Working data:
◆ ◆ ◆

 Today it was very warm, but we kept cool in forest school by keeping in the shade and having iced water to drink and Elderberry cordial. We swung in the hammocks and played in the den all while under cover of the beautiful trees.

◆ ◆ ◆

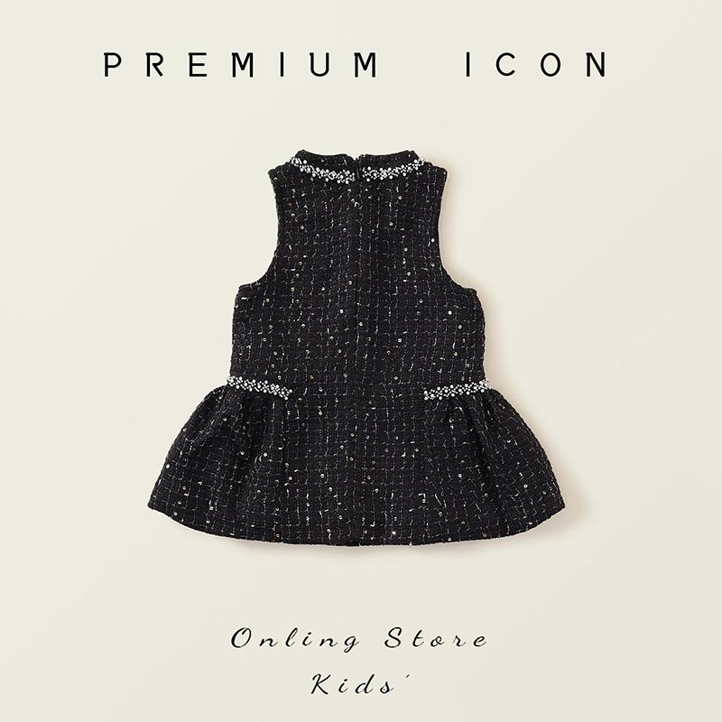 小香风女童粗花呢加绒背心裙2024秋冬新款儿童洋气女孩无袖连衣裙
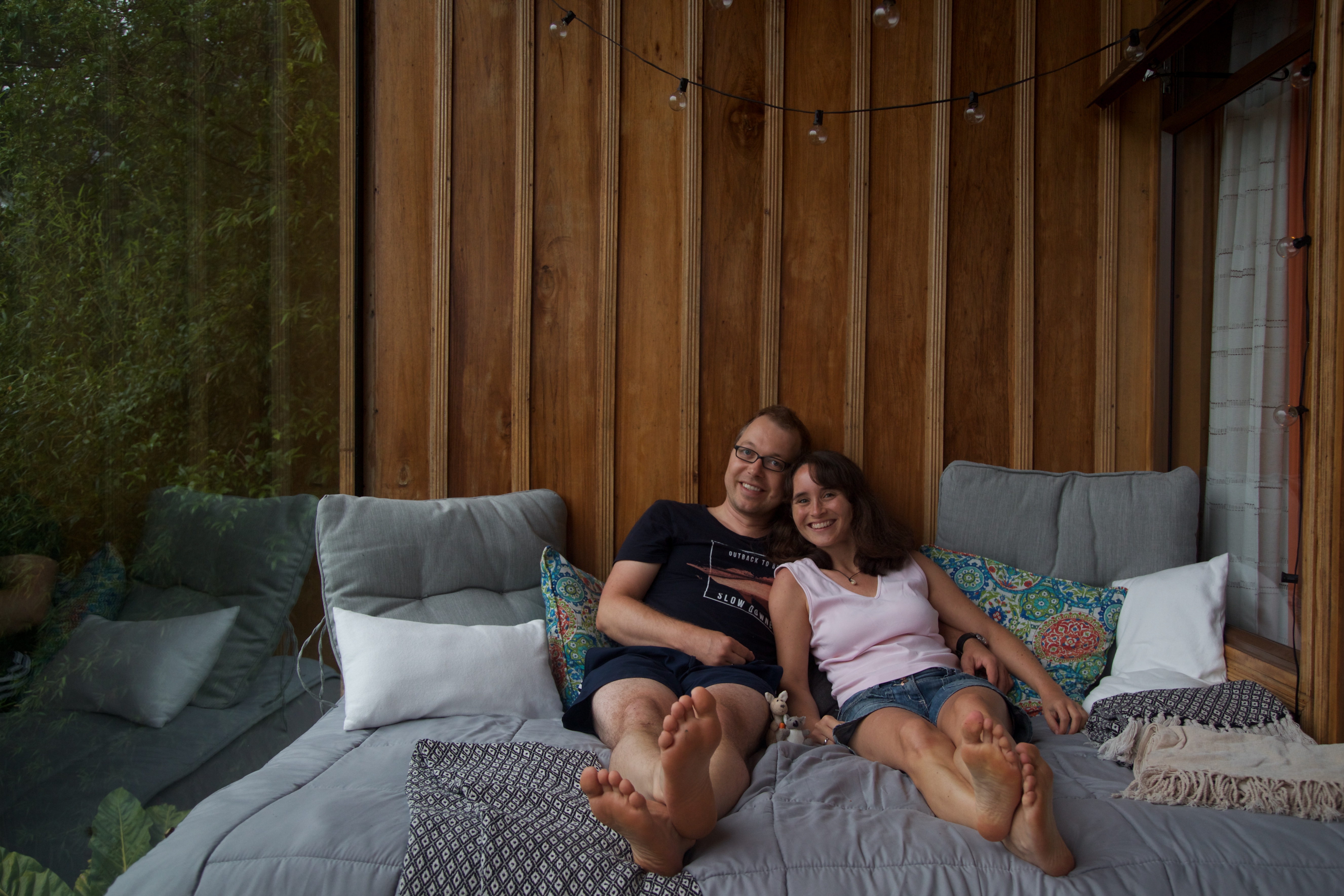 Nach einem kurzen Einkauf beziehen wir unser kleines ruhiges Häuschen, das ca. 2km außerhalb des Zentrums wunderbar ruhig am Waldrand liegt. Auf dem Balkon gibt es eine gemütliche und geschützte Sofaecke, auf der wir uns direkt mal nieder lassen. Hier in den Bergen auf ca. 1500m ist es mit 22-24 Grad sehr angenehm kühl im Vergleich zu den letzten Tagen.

◆ ◆ ◆

What you should do: Going back to the data above, write out everything from the line with "小香风女童粗花呢加绒背心裙2024秋冬新款儿童洋气女孩无袖连衣裙" down to the line with "Nach einem kurzen", both included, leaving every picture out.

Response area:
 小香风女童粗花呢加绒背心裙2024秋冬新款儿童洋气女孩无袖连衣裙
 Nach einem kurzen Einkauf beziehen wir unser kleines ruhiges Häuschen, das ca. 2km außerhalb des Zentrums wunderbar ruhig am Waldrand liegt. Auf dem Balkon gibt es eine gemütliche und geschützte Sofaecke, auf der wir uns direkt mal nieder lassen. Hier in den Bergen auf ca. 1500m ist es mit 22-24 Grad sehr angenehm kühl im Vergleich zu den letzten Tagen.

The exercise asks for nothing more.